* [DATASET CONTENT]:
--------------------------------------------------

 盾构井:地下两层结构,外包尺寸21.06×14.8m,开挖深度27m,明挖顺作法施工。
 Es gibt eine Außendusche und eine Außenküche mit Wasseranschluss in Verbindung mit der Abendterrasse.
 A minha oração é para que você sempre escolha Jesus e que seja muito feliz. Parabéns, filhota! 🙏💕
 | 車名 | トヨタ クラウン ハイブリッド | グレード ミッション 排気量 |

--------------------------------------------------

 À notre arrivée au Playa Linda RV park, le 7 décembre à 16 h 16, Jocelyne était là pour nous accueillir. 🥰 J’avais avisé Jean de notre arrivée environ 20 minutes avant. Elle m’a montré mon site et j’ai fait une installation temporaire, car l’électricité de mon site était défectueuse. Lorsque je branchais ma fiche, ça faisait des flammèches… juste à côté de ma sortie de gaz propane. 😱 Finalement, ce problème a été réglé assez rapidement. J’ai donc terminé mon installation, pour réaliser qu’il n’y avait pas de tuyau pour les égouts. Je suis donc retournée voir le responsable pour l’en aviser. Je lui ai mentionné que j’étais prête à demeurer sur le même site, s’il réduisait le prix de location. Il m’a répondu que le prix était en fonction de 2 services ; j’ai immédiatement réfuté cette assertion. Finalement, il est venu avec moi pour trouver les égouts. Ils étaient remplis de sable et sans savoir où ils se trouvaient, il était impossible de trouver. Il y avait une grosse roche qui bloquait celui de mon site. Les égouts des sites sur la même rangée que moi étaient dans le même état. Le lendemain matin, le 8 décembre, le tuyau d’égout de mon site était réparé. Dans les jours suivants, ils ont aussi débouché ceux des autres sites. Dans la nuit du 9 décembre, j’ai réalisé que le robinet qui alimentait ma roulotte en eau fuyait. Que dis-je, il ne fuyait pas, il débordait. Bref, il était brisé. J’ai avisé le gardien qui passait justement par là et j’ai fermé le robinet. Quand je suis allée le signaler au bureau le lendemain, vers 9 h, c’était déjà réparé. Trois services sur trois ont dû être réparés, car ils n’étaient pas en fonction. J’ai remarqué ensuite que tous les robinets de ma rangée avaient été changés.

--------------------------------------------------

* [GOAL OF THE EXERCISE]:
Your answer should be the lines above, from the line containing "Es gibt eine" up to and including the line containing "ミッション 排気量 |", reproduced exactly and with nothing else.

* [ANSWER FOR THIS EXERCISE]:
 Es gibt eine Außendusche und eine Außenküche mit Wasseranschluss in Verbindung mit der Abendterrasse.
 A minha oração é para que você sempre escolha Jesus e que seja muito feliz. Parabéns, filhota! 🙏💕
 | 車名 | トヨタ クラウン ハイブリッド | グレード ミッション 排気量 |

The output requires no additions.